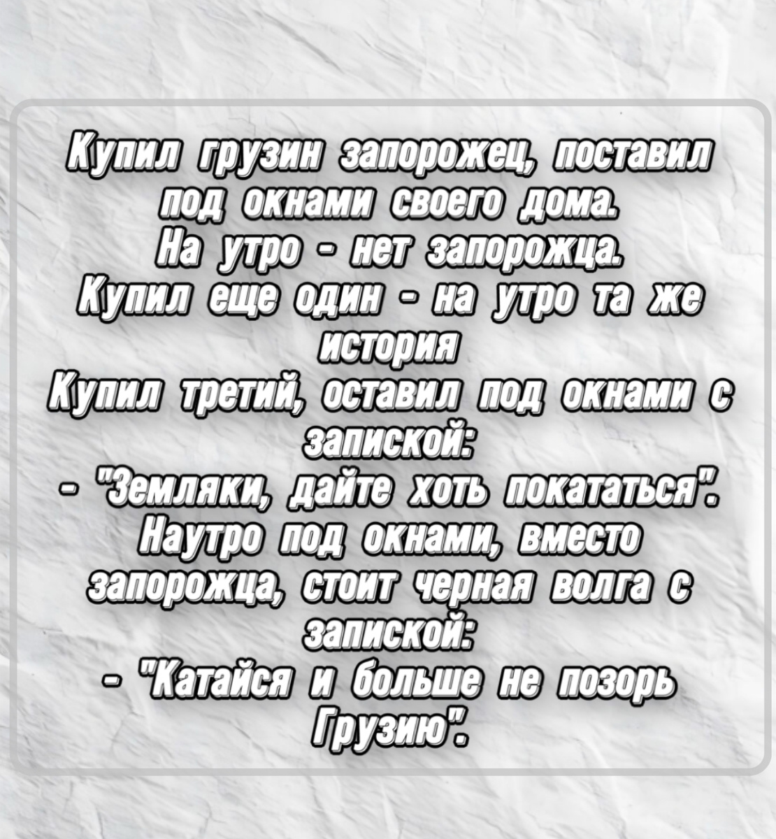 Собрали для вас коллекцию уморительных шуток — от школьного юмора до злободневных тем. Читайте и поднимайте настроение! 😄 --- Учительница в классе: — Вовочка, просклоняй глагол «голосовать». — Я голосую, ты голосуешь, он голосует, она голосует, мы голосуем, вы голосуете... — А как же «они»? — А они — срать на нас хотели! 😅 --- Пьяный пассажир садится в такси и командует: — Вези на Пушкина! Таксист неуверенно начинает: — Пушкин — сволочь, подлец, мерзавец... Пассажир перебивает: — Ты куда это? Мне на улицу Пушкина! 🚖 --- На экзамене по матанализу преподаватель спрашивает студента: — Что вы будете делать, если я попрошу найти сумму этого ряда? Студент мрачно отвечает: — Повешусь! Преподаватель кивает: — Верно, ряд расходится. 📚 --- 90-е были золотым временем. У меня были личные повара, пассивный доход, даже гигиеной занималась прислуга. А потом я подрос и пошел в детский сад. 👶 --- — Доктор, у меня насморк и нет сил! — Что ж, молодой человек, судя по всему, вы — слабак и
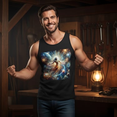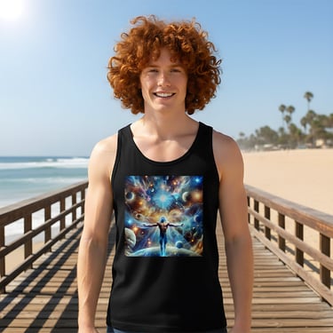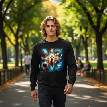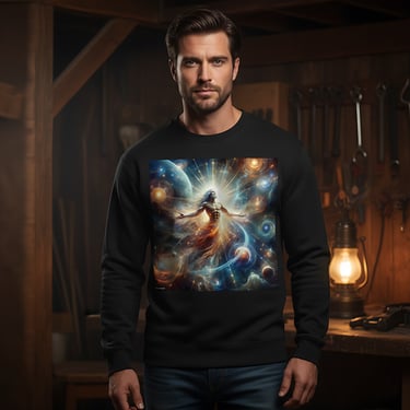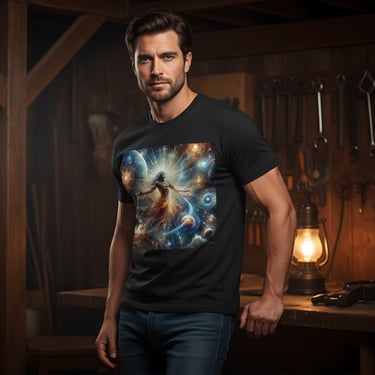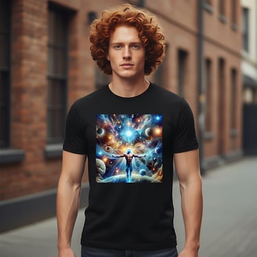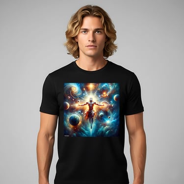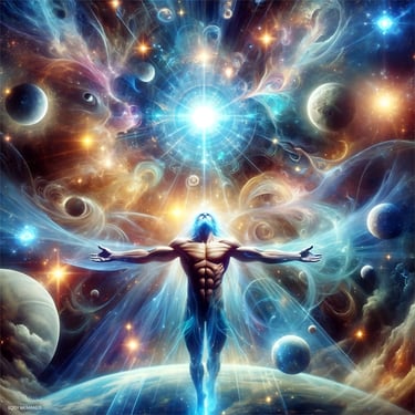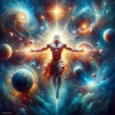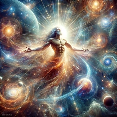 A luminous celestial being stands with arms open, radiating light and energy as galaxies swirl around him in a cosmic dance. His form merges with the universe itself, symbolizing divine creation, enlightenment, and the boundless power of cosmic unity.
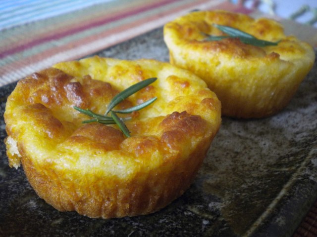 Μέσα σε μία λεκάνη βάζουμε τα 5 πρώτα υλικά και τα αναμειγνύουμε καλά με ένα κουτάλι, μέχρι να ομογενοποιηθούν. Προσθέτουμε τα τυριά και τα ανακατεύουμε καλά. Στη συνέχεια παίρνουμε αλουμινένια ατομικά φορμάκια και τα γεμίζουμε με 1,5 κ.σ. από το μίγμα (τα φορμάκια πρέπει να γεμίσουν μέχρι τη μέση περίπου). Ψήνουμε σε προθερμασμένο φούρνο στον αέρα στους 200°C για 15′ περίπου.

### [TASK DETAILS]
Copy back, word for word, every line between the top of the material above and the line that contains "A luminous celestial", both included, without any pictures.

### [ANSWER BOX]
 Собрали для вас коллекцию уморительных шуток — от школьного юмора до злободневных тем. Читайте и поднимайте настроение! 😄 --- Учительница в классе: — Вовочка, просклоняй глагол «голосовать». — Я голосую, ты голосуешь, он голосует, она голосует, мы голосуем, вы голосуете... — А как же «они»? — А они — срать на нас хотели! 😅 --- Пьяный пассажир садится в такси и командует: — Вези на Пушкина! Таксист неуверенно начинает: — Пушкин — сволочь, подлец, мерзавец... Пассажир перебивает: — Ты куда это? Мне на улицу Пушкина! 🚖 --- На экзамене по матанализу преподаватель спрашивает студента: — Что вы будете делать, если я попрошу найти сумму этого ряда? Студент мрачно отвечает: — Повешусь! Преподаватель кивает: — Верно, ряд расходится. 📚 --- 90-е были золотым временем. У меня были личные повара, пассивный доход, даже гигиеной занималась прислуга. А потом я подрос и пошел в детский сад. 👶 --- — Доктор, у меня насморк и нет сил! — Что ж, молодой человек, судя по всему, вы — слабак и
 A luminous celestial being stands with arms open, radiating light and energy as galaxies swirl around him in a cosmic dance. His form merges with the universe itself, symbolizing divine creation, enlightenment, and the boundless power of cosmic unity.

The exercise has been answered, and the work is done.